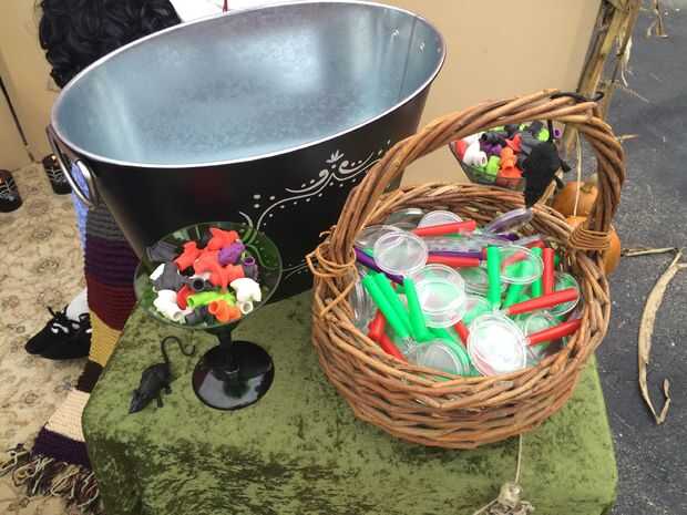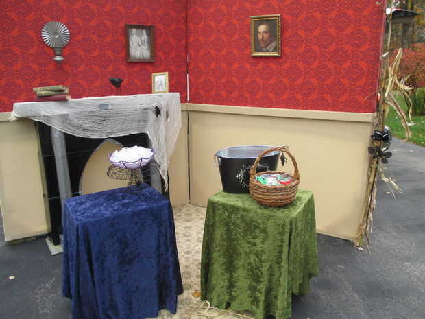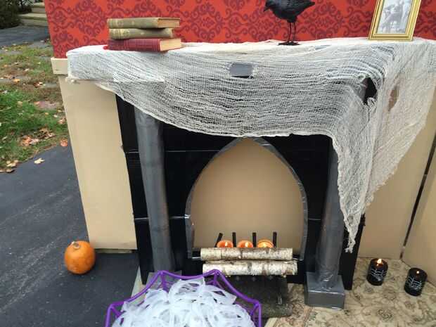 Tela de araña, un sostenedor de vela Cuervo, algunos viejos libros y velas chimenea para completar el look. Establecer dos mesas como nos estábamos dando una variedad bastante grande de golosinas (detective juguetes, brillan los dientes, dulces, palomitas de maíz y galletas de witchy dedo.)
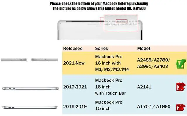 Only Compatible with MacBook Pro 16-inch M4 M3 M2 M1 Pro/Max (2024 2023 2022 2021 Late Release) Model A2485 A2780 A2991 A3403. Please double check your MacBook's model number "A1xxx" on the bottom of the laptop to determine the compatibility. ^^ Not compatible with MacBook other model, Such as MacBook Pro 16-inch Model A2141 2019/2020/2021 Version. If you look for other model Case, Please click "se7enline" below the title ^^ Premium Quality Matte Finish Hard Shell Plastic Case for Silky-smooth soft-touch protect your MacBook against shock, scratch, dusty and other damage ^^ Easy to put on and take off and Plug your charger, cable or headset without removing the protective case.
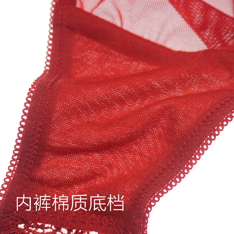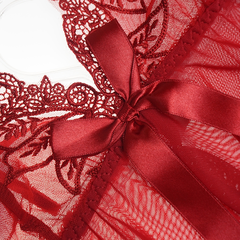 Sexy pajamas women's thin nightdress red embroidered lace stitching cardigan temptation suspenders nightdress lace panties
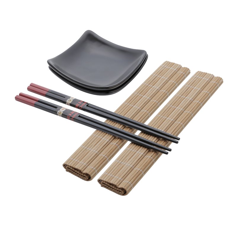 Perfeito para momentos especiais de culinária oriental, este conjunto une praticidade e elegância em um estilo contemporâneo. Ideal para quem aprecia a arte de servir bem. 2 esteiras de bambu (sudare) 2 pratos de cerâmica preta 2 pares de hashis (palitinhos)
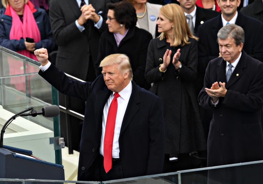 Der neue US-Präsident Donald Trump ballt seine Faust, nachdem er in Washington, USA, seine Eröffnungsrede nach seiner Vereidigung gehalten hat.
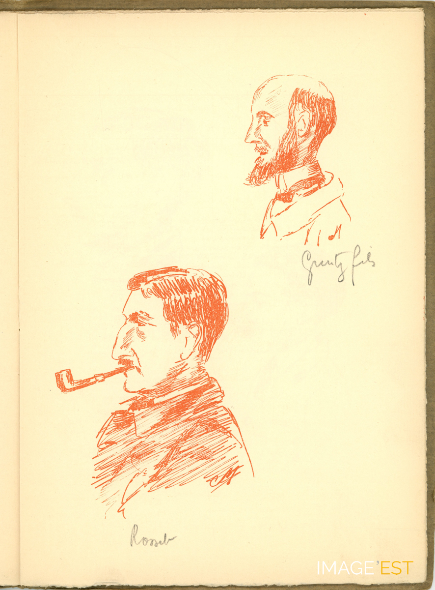 Page extraite d'une brochure intitulée " Guyotinés en Rouge-Turc " comprenant une série de dessins illustrant des professeurs de l'Institut chimique de Nancy. Les deux dessin sont signés M.
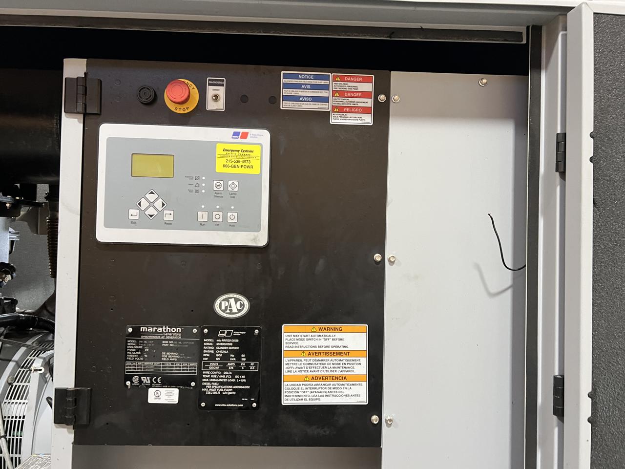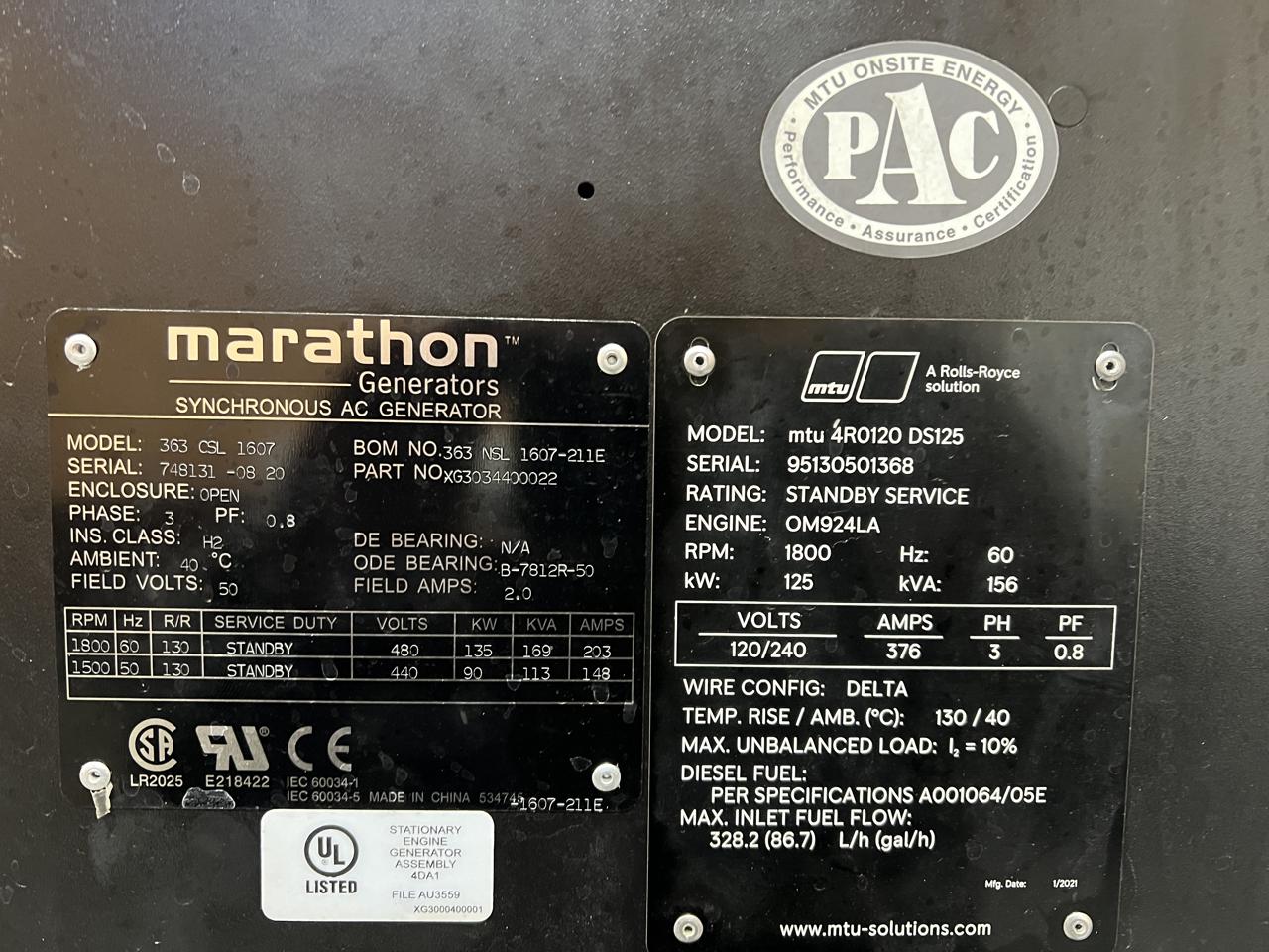 - Engine Description125 kW MTU Generator, with Sound Attenuated Enclosure and Base Fuel Tank, Mercedes-Benz Engine, Year - 2020, 31 Hours
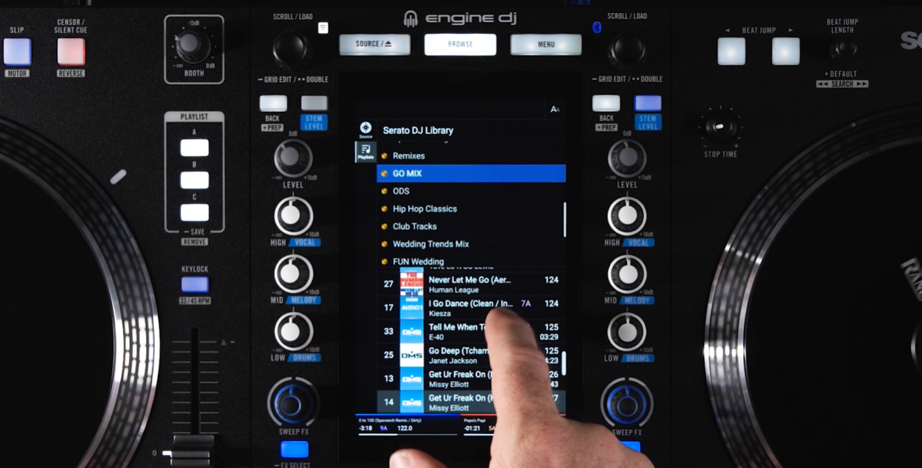 コンピューターから各バーチャルデッキにトラックをロードすれば、Rane SYSTEM ONEでライブラリ内を移動し、タッチスクリーンまたは各デッキ専用のハードウェアコントロールを使ってトラックをロードできます。
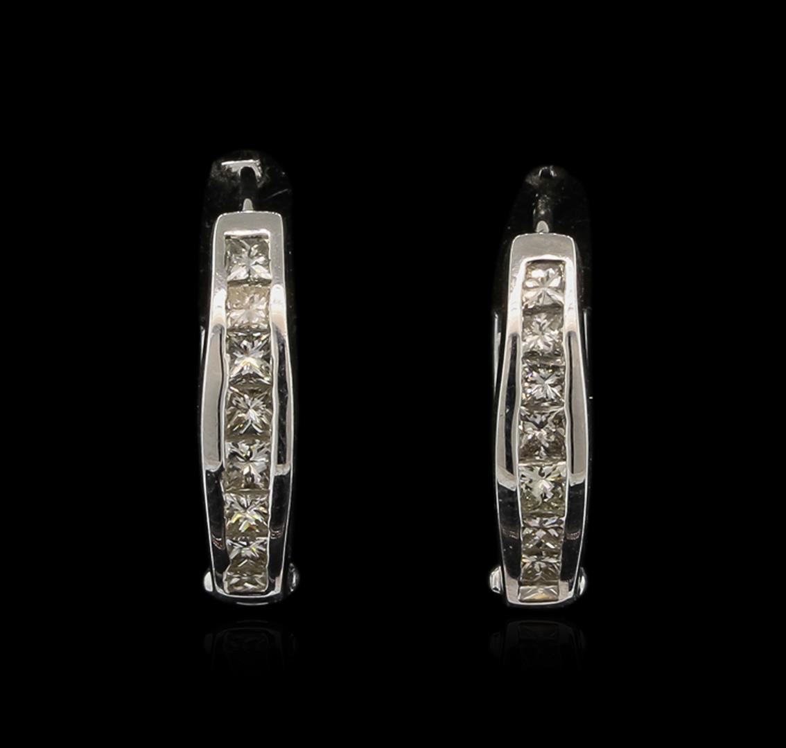 One pair electronically tested 18KT white gold ladies cast & assembled diamond hoop earrings with hinged, snap locking posts. Bright polish finish. Identified with markings of "18K". Condition is new, good workmanship. Containing: Eight channel set princess cut diamonds, measuring 2.40 x 2.40 x 1.80mm (depth est.) approximate. Total Weight of 8 Stones = 0.78ct. Graded in the setting. Clarity: VS-2 to SI-1. Color: H - J Eight channel set princess cut diamonds, measuring 2.30 x 2.20 x 1.65mm (depth est.) approximate. Total Weight of 8 Stones = 0.64ct. Graded in the setting. Clarity: VS-2 to SI-1. Color: H - J. Total Weight of Diamonds 1.42ct. Total Weight of Earrings 6.99gm. AIG Appraised at $5,230.00.
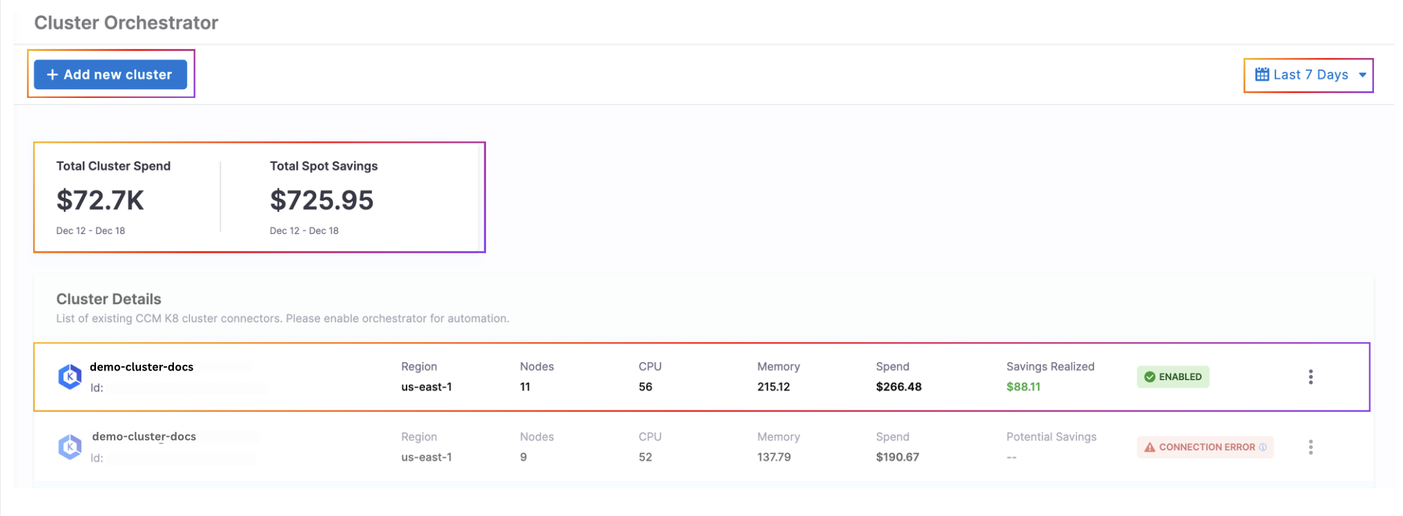 - Spend: The cost associated with this specific cluster during the selected time period
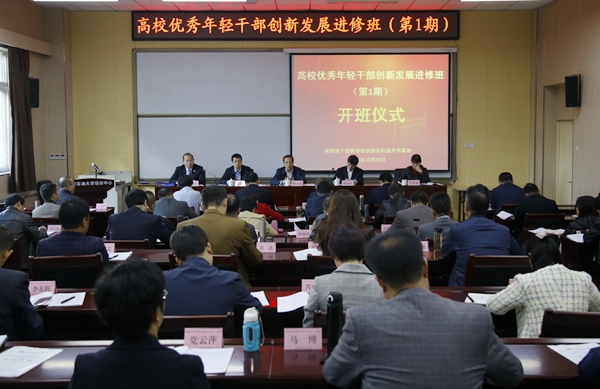 10月29日上午,陕西省高校优秀年轻干部创新发展进修班在Beat365明德校区顺利开班。省干教办副主任郭文超、Beat365副校长杨战社、省委组织部干部教育处处长马亮及省委高教工委组织部副部长王亚新出席开班式。陕西省干部教育培训基地办公室主任、继续教育学院院长郭岗彦主持开班式。来自省属高校的50名优秀年轻干部参加开班式。
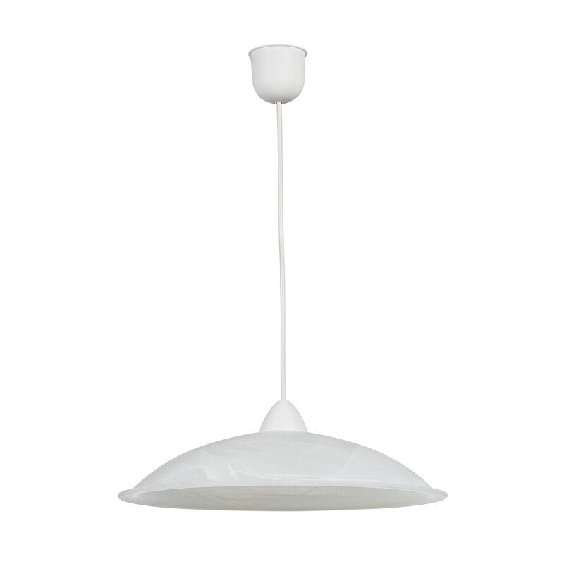 Sospensione a soffitto con montatura in plastica bianco, realizzata con vetro centrifugato alabastro bianco e sabbiato esterno. Attacco E27 (grande) – 220/240V – 50 Hz – IP20. Max wattaggio lampadina 57W (non inclusa). Dimensioni ø 40 cm. Peso 2,25 kg.
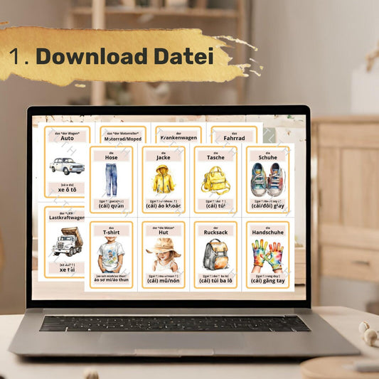 Lernkarten Deutsch - Vietnamesisch - Kleidung und Fahrzeuge - Zweisprachig lernen Flashcards - Học Tiếng Đức - Tiếng Việt - quần áo và xe cộ "FLASHCLO"
==========
Repeat, word for word, the lines of the material above from the one holding "Der neue US-Präsident" through the one holding "Page extraite d'une". Leave out pictures.

Task solution ▸
 Der neue US-Präsident Donald Trump ballt seine Faust, nachdem er in Washington, USA, seine Eröffnungsrede nach seiner Vereidigung gehalten hat.
 Page extraite d'une brochure intitulée " Guyotinés en Rouge-Turc " comprenant une série de dessins illustrant des professeurs de l'Institut chimique de Nancy. Les deux dessin sont signés M.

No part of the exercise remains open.